Basic Metrics Collection Module
Collects and tracks system and application metrics for monitoring
"""
import logging
import os
import resource
from datetime import datetime
from typing import Any
logger = logging.getLogger(__name__)
class MetricsCollector:
"""Basic metrics collection for system and application monitoring"""
def __init__(self):
self._metrics: dict[str, Any] = {
"api_requests": 0,
"api_errors": 0,
"api_response_times": [],
"database_queries": 0,
"database_errors": 0,
"cache_hits": 0,
"cache_misses": 0,
"active_connections": 0,
"memory_usage_mb": 0,
"cpu_usage_percent": 0.0,
}
self._start_time = datetime.utcnow()
def increment_api_requests(self) -> None:
"""Increment API request counter"""
self._metrics["api_requests"] += 1
def increment_api_errors(self) -> None:
"""Increment API error counter"""
self._metrics["api_errors"] += 1
def record_api_response_time(self, response_time: float) -> None:
"""Record API response time"""
self._metrics["api_response_times"].append(response_time)
# Keep only last 100 response times
if len(self._metrics["api_response_times"]) > 100:
self._metrics["api_response_times"] = self._metrics["api_response_times"][-100:]

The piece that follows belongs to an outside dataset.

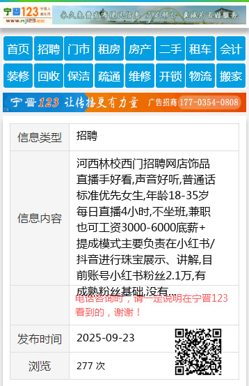 河西林校西门招聘网店饰品直播手好看,声音好听,普通话标准优先女生,年龄18-35岁每日直播4小时,不坐班,兼职也可工资3000-6000底薪+提成模式主要负责在小红书/抖音进行珠宝展示、讲解,目前账号小红书粉丝2.1万,有成熟粉丝基础,没有经验小白都可以,可以培训后上岗,但是要求做事细心且认真.金女士13945878558 【电话咨询时,请一定说明在伊春信息网看到的,谢谢!】 |

def increment_database_queries(self) -> None:
"""Increment database query counter"""
self._metrics["database_queries"] += 1
def increment_database_errors(self) -> None:
"""Increment database error counter"""
self._metrics["database_errors"] += 1
def increment_cache_hits(self) -> None:
"""Increment cache hit counter"""
self._metrics["cache_hits"] += 1
def increment_cache_misses(self) -> None:
"""Increment cache miss counter"""
self._metrics["cache_misses"] += 1
def update_active_connections(self, count: int) -> None:
"""Update active connections count"""
self._metrics["active_connections"] = count
def update_memory_usage(self, usage_mb: float) -> None:
"""Update memory usage"""
self._metrics["memory_usage_mb"] = usage_mb
def update_cpu_usage(self, usage_percent: float) -> None:
"""Update CPU usage percentage"""
self._metrics["cpu_usage_percent"] = usage_percent
def update_cache_stats(self, cache_stats: dict[str, Any]) -> None:
"""Update cache metrics from cache manager stats"""
self._metrics["cache_hits"] = cache_stats.get("hits", 0)
self._metrics["cache_misses"] = cache_stats.get("misses", 0)
def capture_system_snapshot(self) -> None:
"""Capture a lightweight system resource snapshot"""
memory_kb = resource.getrusage(resource.RUSAGE_SELF).ru_maxrss
self._metrics["memory_usage_mb"] = round(memory_kb / 1024, 2)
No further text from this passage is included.